December 08, 2016
By Erica B
During the first meeting of my freshman writing class, the professor begged the class to never use the verb ‘to be’. She claimed forms of ‘to be’ allow writers to speak using a passive voice rather than an active one, which causes redundancy and inhibits clarity. To elaborate on her point, look carefully at two sentences: “Harry is a good friend,” versus “Harry supports his friends by listening closely when they speak.” She argued that readers get a clearer understanding of Harry’s friendship from the second sentence than the first.
The professor banned ‘to be’ verbs from our writing that term. She wouldn’t accept any paper including any form of the verb, anywhere. Like a dutiful student, I cut ‘to be’ verbs from all my papers, groaning internally at the inconveniences this presented.
Now, with the term behind me and winter break before me, I have begun writing for fun again. Writing has always brought me pleasure; it allows me to explore and organize my thoughts. As I began writing last week I noticed that I rarely use any forms of ‘to be’ anymore. I found this curious and spent days reflecting on why that rule stuck.
After thinking for a week, I argue that we should eliminate “to be” verbs universally—from our writing, from our speech, and especially from our thoughts.
Hear me out. I do understand the impossibility of this task. But, let me at least outline for you the costs of declaring things “to be” or “not to be.”
As a young woman newly—and proudly—in recovery from anorexia, I look at my past and see where I and others declared I was something. I’d say, “I am stupid. I am fat. I am worthless.” They’d say, “She is smart. She is skinny. She is perfect.” Later, they’d say, “She is sick. She is anorexic.”
These statements may seem innocuous, but I ask you to think about the words you use to define yourself. When you say, “I am [blank],” you lock yourself in a box. You say that [blank] is what you are, and you omit the millions of other things that make you, you.
When you have an eating disorder, it pulls you away from your passions until the disorder occupies the entirety of your mind. Part of what perpetuated my eating disorder was that I related so much of the disorder to my identity. As the eating disorder took over, it kicked out every other part of me. As I grew sicker and sicker, I was no longer a student or an athlete or a friend. I was just anorexic.
In addition to stripping you of your facets, eating disorders reverse parts of your judgement; you view health as a weakness and illness as a prize. You take pride statements like, “You are ill.” You love when people say, “Wow, you’re so skinny.” You get perverse satisfaction out of concern like, “You are killing yourself, and I am worried about you.”
My recovery process has involved a lot of discovering who I am without an eating disorder. I gave a lot of thought to who I am now versus who I was then. I spent the first few months wandering around, lost, trying to find new things by which to define myself. I tried wholesome, healthy things: volunteer, daughter, sister, tutor. But, even with these new and improved labels, I felt trapped in a similar rut: how can I say I am something without letting that overrule every other part of me?

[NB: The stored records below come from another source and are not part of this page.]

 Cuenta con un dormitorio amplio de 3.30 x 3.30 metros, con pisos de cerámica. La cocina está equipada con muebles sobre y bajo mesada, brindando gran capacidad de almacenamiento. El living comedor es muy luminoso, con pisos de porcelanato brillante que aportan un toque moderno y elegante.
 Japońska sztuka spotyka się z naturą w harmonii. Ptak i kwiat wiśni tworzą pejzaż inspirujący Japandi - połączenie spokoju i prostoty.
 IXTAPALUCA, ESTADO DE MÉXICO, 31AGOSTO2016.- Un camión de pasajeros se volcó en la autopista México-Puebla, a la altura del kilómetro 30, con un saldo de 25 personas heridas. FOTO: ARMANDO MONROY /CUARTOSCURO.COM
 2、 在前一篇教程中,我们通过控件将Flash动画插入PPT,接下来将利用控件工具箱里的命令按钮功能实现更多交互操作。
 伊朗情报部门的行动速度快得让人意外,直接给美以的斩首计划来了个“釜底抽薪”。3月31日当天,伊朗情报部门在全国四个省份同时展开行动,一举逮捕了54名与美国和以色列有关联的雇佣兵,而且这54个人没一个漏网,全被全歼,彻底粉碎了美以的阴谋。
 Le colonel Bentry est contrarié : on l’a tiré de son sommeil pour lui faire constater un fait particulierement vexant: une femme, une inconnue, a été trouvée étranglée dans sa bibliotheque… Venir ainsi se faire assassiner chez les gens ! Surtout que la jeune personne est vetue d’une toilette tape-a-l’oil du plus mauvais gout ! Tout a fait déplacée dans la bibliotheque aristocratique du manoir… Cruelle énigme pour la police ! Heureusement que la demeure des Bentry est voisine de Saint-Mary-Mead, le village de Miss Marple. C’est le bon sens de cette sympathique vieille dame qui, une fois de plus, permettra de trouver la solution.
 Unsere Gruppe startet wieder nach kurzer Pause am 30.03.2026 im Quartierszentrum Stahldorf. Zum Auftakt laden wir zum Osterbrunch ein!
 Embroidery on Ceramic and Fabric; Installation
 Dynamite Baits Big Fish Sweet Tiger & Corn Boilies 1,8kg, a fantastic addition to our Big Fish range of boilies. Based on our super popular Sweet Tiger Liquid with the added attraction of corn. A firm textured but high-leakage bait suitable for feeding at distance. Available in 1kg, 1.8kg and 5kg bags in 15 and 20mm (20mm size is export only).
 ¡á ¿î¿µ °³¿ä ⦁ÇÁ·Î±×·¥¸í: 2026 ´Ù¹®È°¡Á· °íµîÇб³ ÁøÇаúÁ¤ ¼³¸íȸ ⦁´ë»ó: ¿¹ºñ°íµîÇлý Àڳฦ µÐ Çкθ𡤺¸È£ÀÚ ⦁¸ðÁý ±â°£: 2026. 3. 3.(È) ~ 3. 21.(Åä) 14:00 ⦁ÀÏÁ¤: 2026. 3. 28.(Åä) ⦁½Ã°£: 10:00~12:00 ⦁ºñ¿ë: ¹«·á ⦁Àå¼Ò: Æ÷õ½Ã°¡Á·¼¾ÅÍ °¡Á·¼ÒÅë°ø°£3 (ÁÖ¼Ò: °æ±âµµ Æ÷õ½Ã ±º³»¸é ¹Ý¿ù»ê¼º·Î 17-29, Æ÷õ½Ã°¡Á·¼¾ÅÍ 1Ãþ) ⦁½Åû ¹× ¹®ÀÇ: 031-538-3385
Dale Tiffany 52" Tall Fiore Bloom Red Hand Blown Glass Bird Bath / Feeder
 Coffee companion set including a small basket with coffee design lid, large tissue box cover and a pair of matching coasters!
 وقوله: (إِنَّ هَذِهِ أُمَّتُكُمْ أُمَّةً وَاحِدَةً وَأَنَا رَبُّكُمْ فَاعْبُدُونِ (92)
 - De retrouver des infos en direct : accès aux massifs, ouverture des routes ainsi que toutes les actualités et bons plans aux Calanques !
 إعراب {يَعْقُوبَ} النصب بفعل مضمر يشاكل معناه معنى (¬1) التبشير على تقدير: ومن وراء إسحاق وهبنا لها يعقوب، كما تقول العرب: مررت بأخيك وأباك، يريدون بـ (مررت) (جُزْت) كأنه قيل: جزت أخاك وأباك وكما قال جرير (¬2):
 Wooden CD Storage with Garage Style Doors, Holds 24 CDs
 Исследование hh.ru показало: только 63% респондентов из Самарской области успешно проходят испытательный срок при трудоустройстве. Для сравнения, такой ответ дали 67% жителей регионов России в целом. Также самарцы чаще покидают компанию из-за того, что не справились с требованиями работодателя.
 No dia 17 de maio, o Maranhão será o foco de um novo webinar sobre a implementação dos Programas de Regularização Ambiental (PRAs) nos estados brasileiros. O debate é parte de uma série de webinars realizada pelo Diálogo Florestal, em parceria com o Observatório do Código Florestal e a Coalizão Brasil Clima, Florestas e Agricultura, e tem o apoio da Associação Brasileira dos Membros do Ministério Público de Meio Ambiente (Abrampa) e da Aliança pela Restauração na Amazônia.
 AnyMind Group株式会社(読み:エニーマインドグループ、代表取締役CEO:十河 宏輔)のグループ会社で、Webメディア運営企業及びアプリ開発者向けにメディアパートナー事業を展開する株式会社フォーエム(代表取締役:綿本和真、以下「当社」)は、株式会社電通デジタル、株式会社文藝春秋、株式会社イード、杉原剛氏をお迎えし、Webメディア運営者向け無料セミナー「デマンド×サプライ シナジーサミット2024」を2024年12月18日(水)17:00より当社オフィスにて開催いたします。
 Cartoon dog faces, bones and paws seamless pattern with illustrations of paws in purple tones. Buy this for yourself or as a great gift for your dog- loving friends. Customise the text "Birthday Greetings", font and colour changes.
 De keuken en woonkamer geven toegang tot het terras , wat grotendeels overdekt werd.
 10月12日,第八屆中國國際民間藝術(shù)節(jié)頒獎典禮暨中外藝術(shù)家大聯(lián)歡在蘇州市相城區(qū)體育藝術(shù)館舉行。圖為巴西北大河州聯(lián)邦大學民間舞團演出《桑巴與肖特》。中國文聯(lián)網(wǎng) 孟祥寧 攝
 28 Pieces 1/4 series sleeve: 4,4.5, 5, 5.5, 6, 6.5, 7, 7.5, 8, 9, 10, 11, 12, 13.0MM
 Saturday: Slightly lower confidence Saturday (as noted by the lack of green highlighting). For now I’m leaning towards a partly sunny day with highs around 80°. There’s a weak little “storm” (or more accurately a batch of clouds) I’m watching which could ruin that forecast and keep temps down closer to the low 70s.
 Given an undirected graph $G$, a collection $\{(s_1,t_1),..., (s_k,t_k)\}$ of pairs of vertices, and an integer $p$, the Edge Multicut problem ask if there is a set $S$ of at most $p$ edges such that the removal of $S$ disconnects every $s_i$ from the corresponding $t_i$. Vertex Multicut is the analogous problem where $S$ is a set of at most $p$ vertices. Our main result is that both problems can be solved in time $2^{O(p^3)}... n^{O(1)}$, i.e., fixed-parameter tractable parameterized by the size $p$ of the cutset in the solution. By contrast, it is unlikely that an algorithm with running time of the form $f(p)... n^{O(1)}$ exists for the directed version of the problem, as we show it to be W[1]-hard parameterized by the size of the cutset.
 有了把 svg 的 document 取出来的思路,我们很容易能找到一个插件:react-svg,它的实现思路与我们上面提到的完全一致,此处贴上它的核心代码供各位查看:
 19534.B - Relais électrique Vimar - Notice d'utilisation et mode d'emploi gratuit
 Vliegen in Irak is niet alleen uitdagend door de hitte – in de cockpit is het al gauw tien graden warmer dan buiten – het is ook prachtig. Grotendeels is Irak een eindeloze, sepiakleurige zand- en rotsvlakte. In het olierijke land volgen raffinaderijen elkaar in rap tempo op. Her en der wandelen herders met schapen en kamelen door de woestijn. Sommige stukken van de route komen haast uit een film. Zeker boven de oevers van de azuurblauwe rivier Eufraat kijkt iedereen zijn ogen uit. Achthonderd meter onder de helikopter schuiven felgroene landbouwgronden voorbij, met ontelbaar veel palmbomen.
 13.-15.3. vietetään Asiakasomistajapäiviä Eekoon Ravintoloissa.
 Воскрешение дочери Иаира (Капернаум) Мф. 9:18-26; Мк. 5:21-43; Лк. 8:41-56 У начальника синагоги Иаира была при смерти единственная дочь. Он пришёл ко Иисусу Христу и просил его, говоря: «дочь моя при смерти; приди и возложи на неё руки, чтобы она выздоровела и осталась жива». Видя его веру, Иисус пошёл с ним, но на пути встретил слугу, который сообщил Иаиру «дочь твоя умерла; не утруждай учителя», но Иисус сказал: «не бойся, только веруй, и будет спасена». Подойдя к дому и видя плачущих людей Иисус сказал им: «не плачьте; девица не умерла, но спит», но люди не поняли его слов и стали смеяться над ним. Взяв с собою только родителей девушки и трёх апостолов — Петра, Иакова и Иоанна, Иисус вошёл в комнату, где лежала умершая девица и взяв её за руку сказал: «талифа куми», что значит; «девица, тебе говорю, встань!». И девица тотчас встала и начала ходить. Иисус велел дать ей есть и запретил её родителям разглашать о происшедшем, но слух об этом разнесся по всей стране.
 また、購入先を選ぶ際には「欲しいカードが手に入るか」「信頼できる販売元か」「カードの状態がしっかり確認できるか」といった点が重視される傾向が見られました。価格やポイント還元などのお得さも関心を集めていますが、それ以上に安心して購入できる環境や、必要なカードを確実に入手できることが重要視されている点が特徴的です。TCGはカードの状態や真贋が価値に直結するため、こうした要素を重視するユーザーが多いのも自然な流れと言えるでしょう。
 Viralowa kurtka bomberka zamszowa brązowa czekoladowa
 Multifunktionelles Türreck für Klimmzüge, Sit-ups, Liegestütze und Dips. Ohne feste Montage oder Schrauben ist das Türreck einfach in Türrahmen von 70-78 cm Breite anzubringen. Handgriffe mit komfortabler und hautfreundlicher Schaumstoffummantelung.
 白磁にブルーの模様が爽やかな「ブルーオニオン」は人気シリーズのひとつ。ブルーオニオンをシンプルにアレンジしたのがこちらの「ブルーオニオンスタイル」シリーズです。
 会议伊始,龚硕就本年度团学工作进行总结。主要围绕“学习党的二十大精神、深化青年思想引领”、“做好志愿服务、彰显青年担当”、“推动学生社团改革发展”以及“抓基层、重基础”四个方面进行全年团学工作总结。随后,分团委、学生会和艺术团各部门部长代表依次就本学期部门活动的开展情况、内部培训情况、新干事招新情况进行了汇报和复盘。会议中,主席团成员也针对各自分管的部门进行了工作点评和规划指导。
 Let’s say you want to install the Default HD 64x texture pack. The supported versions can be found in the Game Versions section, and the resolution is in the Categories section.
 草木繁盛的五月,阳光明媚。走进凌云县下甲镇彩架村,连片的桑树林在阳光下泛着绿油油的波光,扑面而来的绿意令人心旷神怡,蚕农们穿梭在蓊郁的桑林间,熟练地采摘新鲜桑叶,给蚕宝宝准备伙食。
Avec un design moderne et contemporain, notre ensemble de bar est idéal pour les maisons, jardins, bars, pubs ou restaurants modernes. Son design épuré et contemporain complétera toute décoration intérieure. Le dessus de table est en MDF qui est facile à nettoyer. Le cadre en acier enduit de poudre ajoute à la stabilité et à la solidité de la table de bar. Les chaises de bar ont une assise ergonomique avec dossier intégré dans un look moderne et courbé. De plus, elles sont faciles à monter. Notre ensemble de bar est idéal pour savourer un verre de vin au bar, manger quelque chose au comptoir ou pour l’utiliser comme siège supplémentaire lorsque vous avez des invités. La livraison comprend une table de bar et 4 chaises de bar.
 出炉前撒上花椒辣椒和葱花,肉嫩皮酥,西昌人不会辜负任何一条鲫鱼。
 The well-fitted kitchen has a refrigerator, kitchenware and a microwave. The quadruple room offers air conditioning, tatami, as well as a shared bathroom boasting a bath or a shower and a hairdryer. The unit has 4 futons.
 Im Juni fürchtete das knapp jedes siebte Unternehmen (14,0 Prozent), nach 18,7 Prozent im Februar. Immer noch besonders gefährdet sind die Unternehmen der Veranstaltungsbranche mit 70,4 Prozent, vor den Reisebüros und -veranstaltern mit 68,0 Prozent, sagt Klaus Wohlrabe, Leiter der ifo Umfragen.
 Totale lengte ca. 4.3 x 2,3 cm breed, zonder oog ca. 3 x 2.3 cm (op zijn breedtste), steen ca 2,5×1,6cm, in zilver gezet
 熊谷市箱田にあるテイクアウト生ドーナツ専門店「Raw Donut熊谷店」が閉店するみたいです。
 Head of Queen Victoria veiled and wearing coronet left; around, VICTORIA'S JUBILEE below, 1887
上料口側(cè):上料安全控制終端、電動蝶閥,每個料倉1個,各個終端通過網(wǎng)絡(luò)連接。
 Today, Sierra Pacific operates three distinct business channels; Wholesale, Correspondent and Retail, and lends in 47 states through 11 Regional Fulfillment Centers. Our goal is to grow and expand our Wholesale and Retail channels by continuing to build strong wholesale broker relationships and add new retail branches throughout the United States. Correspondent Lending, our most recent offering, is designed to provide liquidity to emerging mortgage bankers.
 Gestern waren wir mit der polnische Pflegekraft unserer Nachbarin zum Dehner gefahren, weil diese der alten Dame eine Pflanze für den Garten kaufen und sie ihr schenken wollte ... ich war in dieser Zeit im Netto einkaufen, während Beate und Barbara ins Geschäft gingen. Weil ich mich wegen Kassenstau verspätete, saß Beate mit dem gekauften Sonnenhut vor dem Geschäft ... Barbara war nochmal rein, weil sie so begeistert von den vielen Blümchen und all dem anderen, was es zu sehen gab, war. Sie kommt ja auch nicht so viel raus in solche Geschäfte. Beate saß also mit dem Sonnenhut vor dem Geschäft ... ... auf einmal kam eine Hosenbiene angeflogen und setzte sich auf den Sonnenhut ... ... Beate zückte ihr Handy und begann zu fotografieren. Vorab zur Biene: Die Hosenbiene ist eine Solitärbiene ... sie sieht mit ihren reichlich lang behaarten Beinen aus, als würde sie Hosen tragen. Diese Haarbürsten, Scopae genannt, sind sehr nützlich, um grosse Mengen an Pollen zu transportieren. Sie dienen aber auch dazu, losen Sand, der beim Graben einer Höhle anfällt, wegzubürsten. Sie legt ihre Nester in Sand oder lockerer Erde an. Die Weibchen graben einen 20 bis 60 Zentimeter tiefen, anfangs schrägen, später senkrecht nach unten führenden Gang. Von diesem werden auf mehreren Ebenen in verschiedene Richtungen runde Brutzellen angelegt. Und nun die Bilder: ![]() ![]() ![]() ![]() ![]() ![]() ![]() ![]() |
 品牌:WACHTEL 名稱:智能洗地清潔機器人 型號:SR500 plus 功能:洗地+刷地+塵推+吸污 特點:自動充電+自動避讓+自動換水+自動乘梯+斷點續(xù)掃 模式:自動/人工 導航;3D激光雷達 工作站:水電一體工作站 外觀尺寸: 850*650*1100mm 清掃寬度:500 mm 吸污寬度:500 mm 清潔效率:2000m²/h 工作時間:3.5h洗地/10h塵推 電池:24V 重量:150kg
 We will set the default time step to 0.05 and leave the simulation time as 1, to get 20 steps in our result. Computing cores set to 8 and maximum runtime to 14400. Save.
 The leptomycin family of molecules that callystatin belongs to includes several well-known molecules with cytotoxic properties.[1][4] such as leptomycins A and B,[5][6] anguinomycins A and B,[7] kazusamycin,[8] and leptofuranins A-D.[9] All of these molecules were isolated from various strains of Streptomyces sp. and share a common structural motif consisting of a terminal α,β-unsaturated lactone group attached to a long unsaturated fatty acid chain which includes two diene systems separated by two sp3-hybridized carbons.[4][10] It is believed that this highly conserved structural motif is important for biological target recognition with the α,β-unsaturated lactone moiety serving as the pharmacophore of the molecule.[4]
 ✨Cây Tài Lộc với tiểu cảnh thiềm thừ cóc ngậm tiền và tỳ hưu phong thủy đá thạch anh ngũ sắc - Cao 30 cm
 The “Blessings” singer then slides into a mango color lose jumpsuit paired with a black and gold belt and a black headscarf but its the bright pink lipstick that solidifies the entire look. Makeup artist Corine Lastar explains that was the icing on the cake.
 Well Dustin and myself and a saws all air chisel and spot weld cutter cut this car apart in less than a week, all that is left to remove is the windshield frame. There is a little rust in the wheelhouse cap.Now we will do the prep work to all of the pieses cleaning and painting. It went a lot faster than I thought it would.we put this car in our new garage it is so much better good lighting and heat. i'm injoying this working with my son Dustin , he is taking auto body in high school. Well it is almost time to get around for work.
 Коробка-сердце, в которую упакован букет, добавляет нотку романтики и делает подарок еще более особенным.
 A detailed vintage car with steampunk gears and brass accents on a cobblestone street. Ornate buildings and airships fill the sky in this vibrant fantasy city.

I have decided that I cannot lock myself into boxes. I will not hide behind labels, and I argue that we do just so when we define people using ‘to be’ verbs. Instead, I work every day on replacing those declarations. The disordered thoughts still linger at times in my mind, but I change their language now: instead of thinking I am fat, I think I feel fat at the moment. At the doctor’s office, I remind myself that my body weighs [x] pounds instead of I am [x] pounds. And, when speaking, I replace, “I was anorexic,” with, “I used to struggle with anorexia.” It’s a small adjustment but one that’s had an impact on how I view myself.
This nuance of language might sound like it has very little impact on the world, but the entire field of linguistic relativity would beg to differ. Linguistic relativity argues that our speech defines our experience, and I cannot agree more.
In the case of eating disorders, the statements of “I am” and “you are” and “she is” perpetuate illness. They keep us locked in the thought that This illness is all I am and without it, I am nothing.
Across the board, I believe that statements declaring something to be one way or another lock us in boxes. When you think through the lens of this is this, and that is that, you put blinders on yourself and block your peripheral vision of the big picture.
I implore you, just as my writing professor implored me in the beginning of September, to rethink how often you use the verb ‘to be.’ Start with becoming more aware of it; reflect on how replacing it could feel different. I bet you’ll find other ways of speaking and thinking that make you feel freer.